EXERCISE INSTRUCTIONS:
Write out exactly the lines below starting at the one containing "O crucifixo possui" and ending at the one containing "In the model, the". Omit every picture.

[MATERIAL TO PROCESS — start]

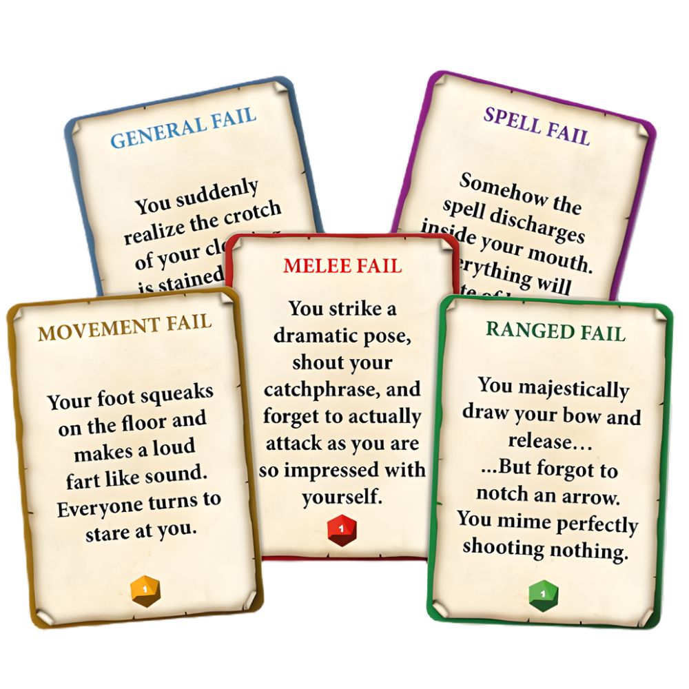 - COVERS EVERY TYPE OF MISHAP: Includes melee blunders, ranged slip ups, magical catastrophes, movement chaos, and fails for any occasion.
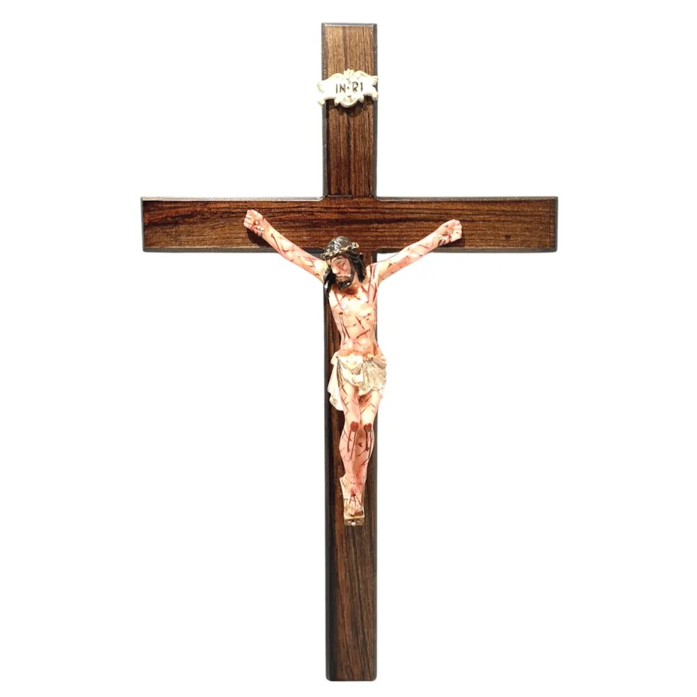 O crucifixo possui 40 cm de altura e é composto por uma base de madeira sólida e um Cristo esculpido em resina, permitindo maior nitidez em detalhes e maior resistência ao tempo. A peça traz o tradicional símbolo cristão, com acabamento que remete à arte sacra clássica.
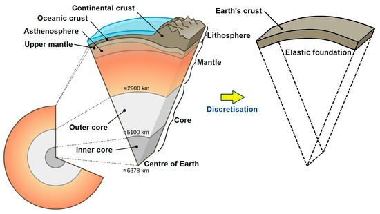 In the model, the upper mantle is replaced by a Winkler elastic foundation with the Modulus of the Foundation K = 107 Nm−3, as shown in Figure 1 and Figure 3 [9,13,14,15,19]. The elastic foundation is also applied in many engineering problems [24,25,26,27].
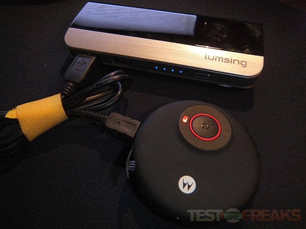 To test the battery I charged a few things like my HTC One cellphone, Motorola Bluetooth GPS and my Joby Blade rechargeable flashlight. I charged all of them to full and when done with all three I still had about 75% capacity on the Lumsing. Yes all three of the devices weren’t quite dead, but they were used. The phone was about 75% capacity, and I’m not sure about the GPS or the flashlight as neither have a battery level indicator on them. The use the battery you need to press the button to begin charging your devices, some batteries start charging automatically, but with the Lumsing you must press the button.
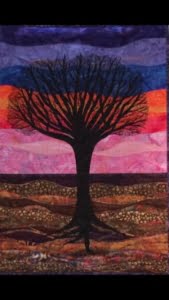 Bij de volgende foto zijn het naast de kleuren ook het lijnenspel waar de foto en de quilt met elkaar overeenkomen:
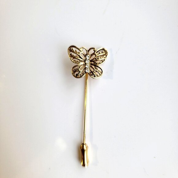 This delicate vintage stick pin features an intricate butterfly design adorned with shimmering rhinestones. A timeless accessory offering subtle elegance.
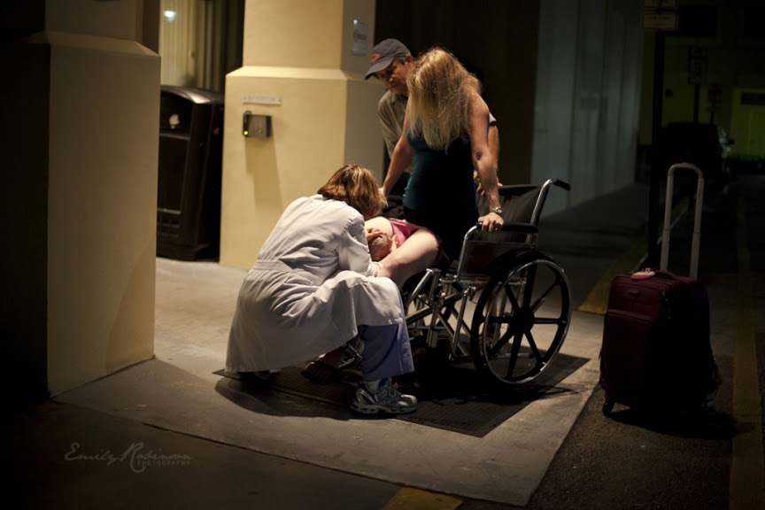 No entanto, há que saber lidar com os imprevistos, certo? Foi exatamente o que teve de fazer a fotógrafa norte-americana Amy Cavaretta, que foi mãe da sua segunda filha sentada numa cadeira de rodas (à entrada do centro hospitalar), com uma amiga a registar o momento em fotografia.
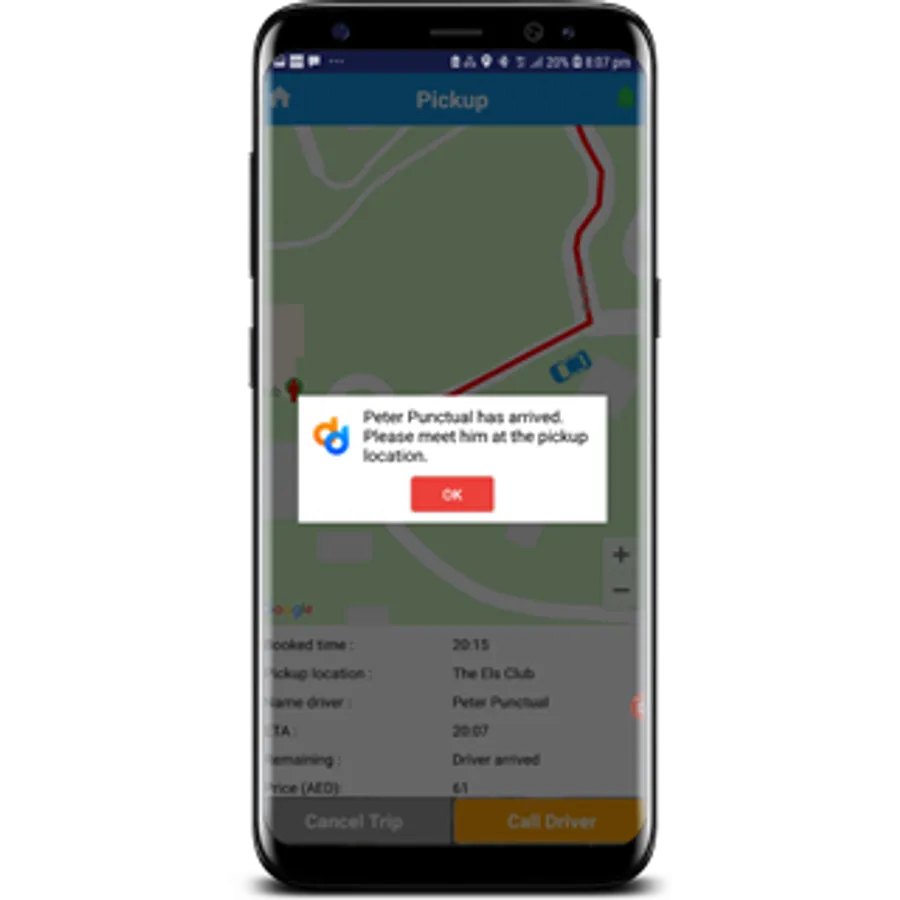 The app will show the selected driver approaching and you'll be notified when he arrives.
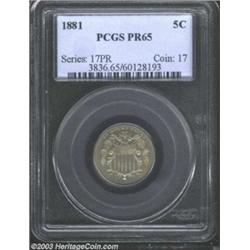 <TABLE cellSpacing=0 cellPadding=0 width="100%" bgColor=#000000 border=0><TBODY><TR><TD width="100%"><TABLE cellSpacing=1 cellPadding=3 width="100%" border=0><TBODY><TR><TD width="100%" bgColor=#79735c><FONT face=arial color=#ffffff size=3><B>Description</B> </FONT></TD></TR><TR><TD width="100%" bgColor=#ffffff><FONT face=arial size=2><B>1881 5C PR65 PCGS.</B></I> The second 8 in the date is recut within the lower loop. A nicely struck and carefully preserved specimen with deep apple-green or lilac colors. The lower reverse has a few very faint hairlines. A low mintage date. </FONT></TD></TR></TBODY></TABLE></TD></TR></TBODY></TABLE><BR><A name=PricesRealized></A><TABLE cellSpacing=0 cellPadding=0 width="100%" bgColor=#000000 border=0><TBODY><TR><TD width="100%"><TABLE cellSpacing=1 cellPadding=3 width="100%" border=0><TBODY><TR><TD width="100%" bgColor=#79735c><A name=PR><FONT face=arial color=#ffffff size=3><B>Previous Prices from Heritage Auctions</B> </FONT></A></TD></TR><TR><TD bgColor=#f6f6ed><TABLE cellSpacing=0 cellPadding=0 width="100%" border=1><TBODY><TR><TD align=middle width="33%"><B>Date</B></TD><TD align=middle width="33%"><B>Service</B></TD><TD align=middle width="33%"><B>Price</B></TD></TR><TR bgColor=whitesmoke><TD width="33%"><B>03/12/1993</B></TD><TD width="33%">PCGS</TD><TD width="33%">$610.50</TD></TR><TR bgColor=whitesmoke><TD width="33%"><B>11/22/1996</B></TD><TD width="33%">PCGS</TD><TD width="33%">$429.00</TD></TR><TR bgColor=whitesmoke><TD width="33%"><B>06/02/1995</B></TD><TD width="33%">PCGS</TD><TD width="33%">$522.50</TD></TR><TR bgColor=whitesmoke><TD width="33%"><B>02/03/1995</B></TD><TD width="33%">PCGS</TD><TD width="33%">$496.10</TD></TR><TR bgColor=whitesmoke><TD width="33%"><B>03/12/1993</B></TD><TD width="33%">PCGS</TD><TD width="33%">$660.00</TD></TR><TR bgColor=whitesmoke><TD width="33%"><B>03/01/1996</B></TD><TD width="33%">PCGS</TD><TD width="33%">$523.00</TD></TR><TR bgColor=whitesmoke><TD width="33%"><B>10/01/1996</B></TD><TD width="33%">PCGS</TD><TD width="33%">$550.00</TD></TR><TR bgColor=whitesmoke><TD width="33%"><B>02/24/2001</B></TD><TD width="33%">NGC</TD><TD width="33%">$460.00</TD></TR><TR bgColor=whitesmoke><TD width="33%"><B>01/05/2001</B></TD><TD width="33%">NGC</TD><TD width="33%">$529.00</TD></TR><TR bgColor=whitesmoke><TD width="33%"><B>03/19/1997</B></TD><TD width="33%">NGC</TD><TD width="33%">$396.00</TD></TR><TR bgColor=whitesmoke><TD width="33%"><B>11/12/1993</B></TD><TD width="33%">NGC</TD><TD width="33%">$495.00</TD></TR><TR bgColor=whitesmoke><TD width="33%"><B>10/31/2000</B></TD><TD width="33%">NGC</TD><TD width="33%">$400.00</TD></TR><TR bgColor=whitesmoke><TD width="33%"><B>01/09/1999</B></TD><TD width="33%">NGC</TD><TD width="33%">$550.00</TD></TR><TR bgColor=whitesmoke><TD width="33%"><B>06/04/1999</B></TD><TD width="33%">NGC</TD><TD width="33%">$690.00</TD></TR><TR bgColor=whitesmoke><TD width="33%"><B>08/07/2000</B></TD><TD width="33%">NGC</TD><TD width="33%">$517.50</TD></TR><TR bgColor=whitesmoke><TD width="33%"><B>09/10/1997</B></TD><TD width="33%">NGC</TD><TD width="33%">$352.00</TD></TR><TR bgColor=whitesmoke><TD width="33%"><B>06/07/2000</B></TD><TD width="33%">NGC</TD><TD width="33%">$391.00</TD></TR><TR bgColor=whitesmoke><TD width="33%"><B>03/23/2003</B></TD><TD width="33%">PCGS</TD><TD width="33%">$862.50</TD></TR><TR bgColor=whitesmoke><TD width="33%"><B>07/29/2003</B></TD><TD width="33%">PCGS</TD><TD width="33%">$425.50</TD></TR><TR bgColor=whitesmoke><TD width="33%"><B>05/31/2003</B></TD><TD width="33%">PCGS</TD><TD width="33%">$431.25</TD></TR><TR bgColor=whitesmoke><TD width="33%"><B>12/14/2002</B></TD><TD width="33%">PCGS</TD><TD width="33%">$478.40</TD></TR><TR bgColor=whitesmoke><TD width="33%"><B>10/08/2002</B></TD><TD width="33%">PCGS</TD><TD width="33%">$460.00</TD></TR><TR bgColor=whitesmoke><TD width="33%"><B>09/28/2002</B></TD><TD width="33%">PCGS</TD><TD width="33%">$488.75</TD></TR><TR bgColor=whitesmoke><TD width="33%"><B>10/02/2000</B></TD><TD width="33%">PCGS</TD><TD width="33%">$506.00</TD></TR><TR bgColor=whitesmoke><TD width="33%"><B>02/12/2002</B></TD><TD width="33%">PCGS</TD><TD width="33%">$494.50</TD></TR><TR bgColor=whitesmoke><TD width="33%"><B>01/12/2002</B></TD><TD width="33%">PCGS</TD><TD width="33%">$517.50</TD></TR><TR bgColor=whitesmoke><TD width="33%"><B>05/08/2001</B></TD><TD width="33%">PCGS</TD><TD width="33%">$460.00</TD></TR><TR bgColor=whitesmoke><TD width="33%"><B>02/23/2001</B></TD><TD width="33%">PCGS</TD><TD width="33%">$488.75</TD></TR><TR bgColor=whitesmoke><TD width="33%"><B>09/26/2000</B></TD><TD width="33%">PCGS</TD><TD width="33%">$480.00</TD></TR><TR bgColor=whitesmoke><TD width="33%"><B>12/08/1995</B></TD><TD width="33%">PCGS</TD><TD width="33%">$440.00</TD></TR><TR bgColor=whitesmoke><TD width="33%"><B>03/04/1995</B></TD><TD width="33%">PCGS</TD><TD width="33%">$550.00</TD></TR><TR bgColor=whitesmoke><TD width="33%"><B>08/17/1996</B></TD><TD width="33%">PCGS</TD><TD width="33%">$550.00</TD></TR><TR bgColor=whitesmoke><TD width="33%"><B>03/21/1998</B></TD><TD width="33%">PCGS</TD><TD width="33%">$431.25</TD></TR><TR bgColor=whitesmoke><TD width="33%"><B>02/02/1994</B></TD><TD width="33%">PCGS</TD><TD width="33%">$495.00</TD></TR><TR bgColor=whitesmoke><TD width="33%"><B>09/01/1997</B></TD><TD width="33%">PCGS</TD><TD width="33%">$688.00</TD></TR><TR bgColor=whitesmoke><TD width="33%"><B>06/01/2000</B></TD><TD width="33%">PCGS</TD><TD width="33%">$506.00</TD></TR><TR bgColor=whitesmoke><TD width="33%"><B>06/01/2000</B></TD><TD width="33%">NGC</TD><TD width="33%">$529.00</TD></TR><TR bgColor=whitesmoke><TD width="33%"><B>05/01/1995</B></TD><TD width="33%">ANACS</TD><TD width="33%">$770.00</TD></TR></TBODY></TABLE></TD></TR><TR><TD bgColor=#ffffff><FONT face=arial size=1 ?>PLEASE NOTE: All prices realized reflect the final hammer price PLUS the buyer's premium in auctions that charge a buyer's premium. Each item has a notation at the top of the listing ind
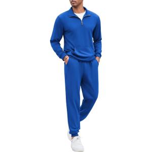 COOFANDY Men’s Tracksuit 2 Piece Quarter Zip Sweatsuit Sets Casual Athletic Running Jogging Suits(Blue)
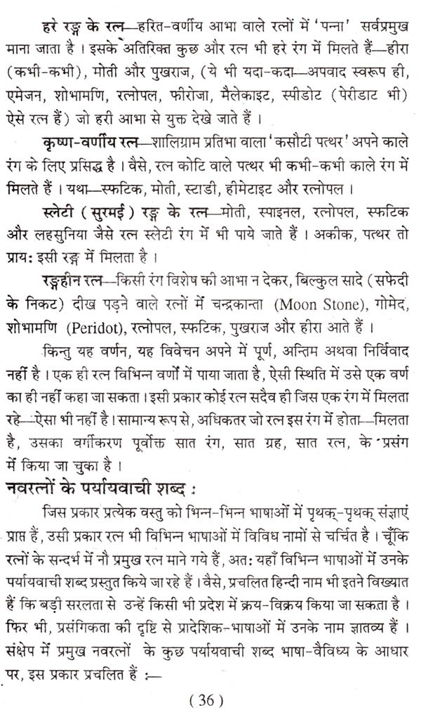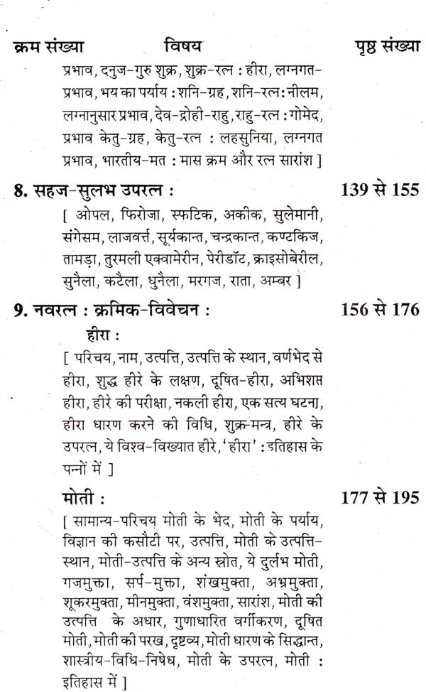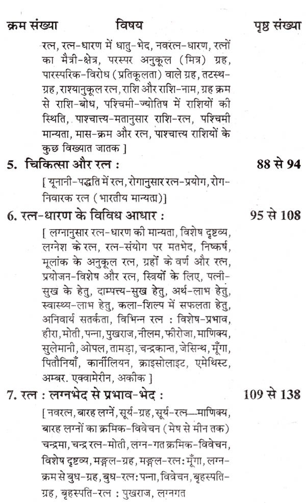 भारतीय-मनीषियों (चिन्तकों) ने लोक हित की भावना से प्रेरित होकर गहन समाधि की अवस्था में मानव जीवन, प्रकृति और परमपिता परमात्मा के गूढ़ रहस्यों का चिन्तन-मनन अपनी दिव्य दृष्टि से किया और परिणाम-स्वरूप आकाशीय पिण्डों (ग्रह-नक्षत्र आदि) का सूक्ष्मतम रहस्य-प्रस्तर खण्डों (रत्नों) पर पड़ने वाला प्रभाव-उजागर हुआ । मानव-समाज ने जब 'रत्न' धारण करके उनके प्रभाव को प्रत्यक्ष देखा तो चमत्कृत होकर, मनीषियों के शोध के प्रति नतमस्तक हो उठा। परिणामतः पृथ्वी के प्रत्येक भाग (देश-विदेशों) में 'रत्न-धारण' की प्रथा लोक-प्रिय हो उठी ! देश, धर्म, जाति, शिक्षा, अशिक्षा की संकीर्ण परिधियों के प्रभाव से सर्वथा दूर रहते हुए, रत्नों के प्रभाव को समूची मानव जाति ने स्वीकार किया ! प्रस्तुत ग्रन्थ में उन्हीं रत्नों, उप-रत्नों की उत्पत्ति, उन पर पड़ने वाला ग्रह प्रभाव, उनके उत्पत्ति स्थान तथा धारण करने की विधि का विस्तारपूर्वक वर्णन-मनोहारी ढंग से करने का प्रयास किया गया है। रलों से सम्बन्धित कोई जानकारी छूट न जाय, इसके लिए पूरी सतर्कता बरतते हुए, पुस्तक को सर्वांगपूर्ण बनाने का भरसक प्रयास किया गया है। जो पाठक 'रत्न-रहस्य' से सर्वथा अपरिचित हैं, उनके लिए तो यह ग्रन्थ आश्चर्यचकित कर देने वाला सिद्ध होगा ही, जिन्हें रत्नों के विषय में पर्याप्त ज्ञान है, वे ही इसमें कुछ न कुछ नयी जानकारी अवश्य प्राप्त करेंगे और एक ही ग्रन्थ में सब कुछ (All In One) पाकर पुस्तक को बेहद पसन्द करेंगे-मुझे यह पूरी आशा है।

[MATERIAL TO PROCESS — finish]

SOLUTION TO THIS PROBLEM:
 O crucifixo possui 40 cm de altura e é composto por uma base de madeira sólida e um Cristo esculpido em resina, permitindo maior nitidez em detalhes e maior resistência ao tempo. A peça traz o tradicional símbolo cristão, com acabamento que remete à arte sacra clássica.
 In the model, the upper mantle is replaced by a Winkler elastic foundation with the Modulus of the Foundation K = 107 Nm−3, as shown in Figure 1 and Figure 3 [9,13,14,15,19]. The elastic foundation is also applied in many engineering problems [24,25,26,27].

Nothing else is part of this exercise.